Output each line of the listing exactly, though pictures are not to appear.
[DATA EXTRACT Boundary: Start]
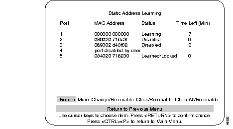 Step 5 Return to the Learn and Lock menu and select the heading Static Address Learning. In the following Static Address Learning menu example:
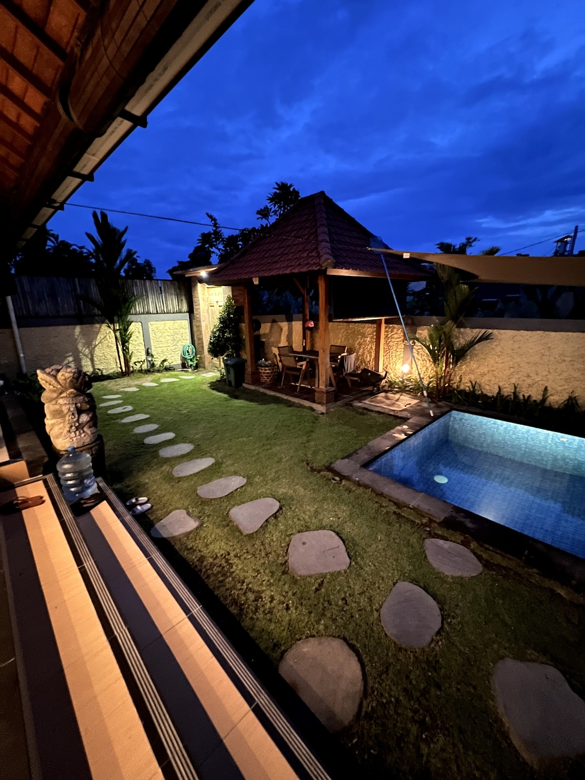Brand New Tropical Villa in the Heart of Canggu • 2 stylish air-conditioned bedrooms with jungle views • En-suite bathrooms with amenities, slippers & hairdryers • Large pool surrounded by greenery for lounging & BBQs • Sleek minimalist layout with open-plan kitchen & dining space • 300 Mbps Wi-Fi for work or streaming • PS5, Netflix on request • Baby cot & high chair on request • Daily cleaning with fresh towels & linens • Concierge service for spa bookings, scooters, surf lessons & more
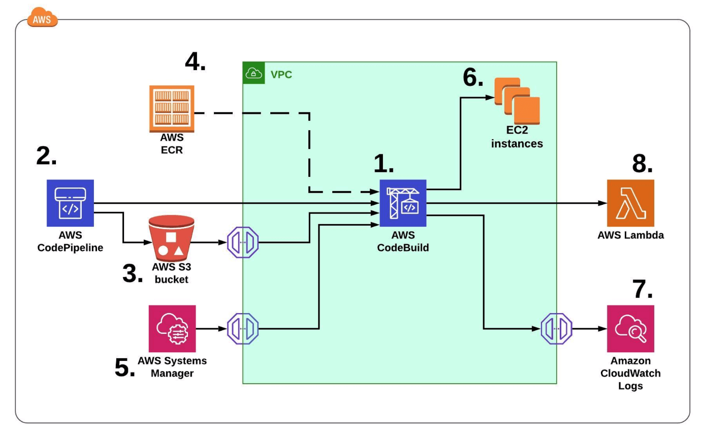 Diagram shown below describes the main AWS services required to build a pipeline: CodeBuild, CodePipeline, ECR, S3, Systems Manager, CloudWatch and Lambda.
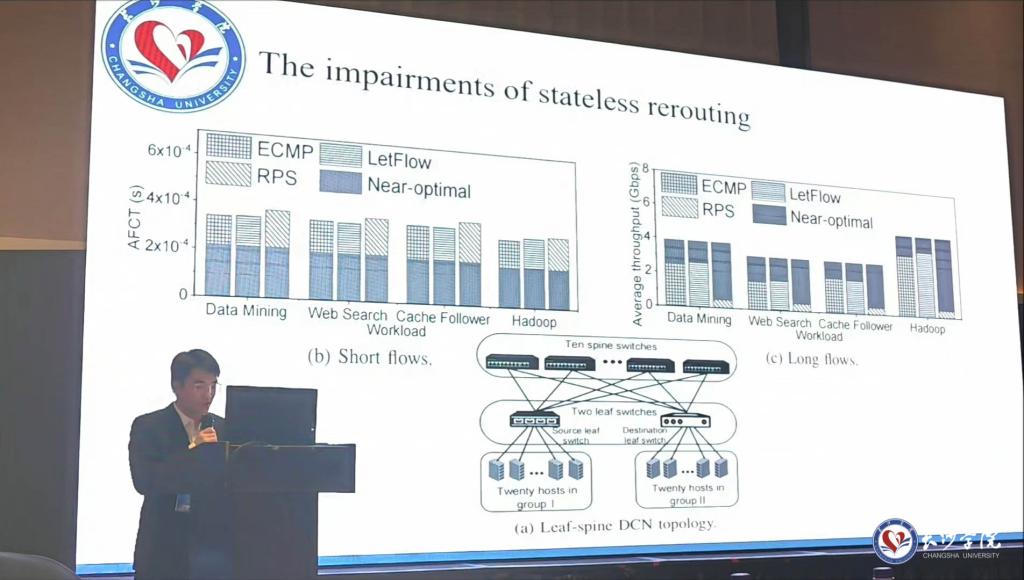 据了解,我校本科21级计科4班王雨晨、21级计科1班李振博和22级物联2班敬淏天撰写的科研论文《Leveraging Packet Cloning to Achieve Fast Flow-Transmission for Data Center Load Balancing》由我校李方敏、张韬、栾悉道3位老师共同指导,并被计算机并行和分布式计算领域国际会议(中国计算机学会CCF推荐C类会议)所录用。3位同学分列该论文的第一、二、三作者,长沙学院为第一署名单位。其中,王雨晨以第一作者身份在会上作了分组报告。
[DATA EXTRACT Boundary: End]
**SOLUTION TO THIS TASK**
 Step 5 Return to the Learn and Lock menu and select the heading Static Address Learning. In the following Static Address Learning menu example:
Brand New Tropical Villa in the Heart of Canggu • 2 stylish air-conditioned bedrooms with jungle views • En-suite bathrooms with amenities, slippers & hairdryers • Large pool surrounded by greenery for lounging & BBQs • Sleek minimalist layout with open-plan kitchen & dining space • 300 Mbps Wi-Fi for work or streaming • PS5, Netflix on request • Baby cot & high chair on request • Daily cleaning with fresh towels & linens • Concierge service for spa bookings, scooters, surf lessons & more
 Diagram shown below describes the main AWS services required to build a pipeline: CodeBuild, CodePipeline, ECR, S3, Systems Manager, CloudWatch and Lambda.
 据了解,我校本科21级计科4班王雨晨、21级计科1班李振博和22级物联2班敬淏天撰写的科研论文《Leveraging Packet Cloning to Achieve Fast Flow-Transmission for Data Center Load Balancing》由我校李方敏、张韬、栾悉道3位老师共同指导,并被计算机并行和分布式计算领域国际会议(中国计算机学会CCF推荐C类会议)所录用。3位同学分列该论文的第一、二、三作者,长沙学院为第一署名单位。其中,王雨晨以第一作者身份在会上作了分组报告。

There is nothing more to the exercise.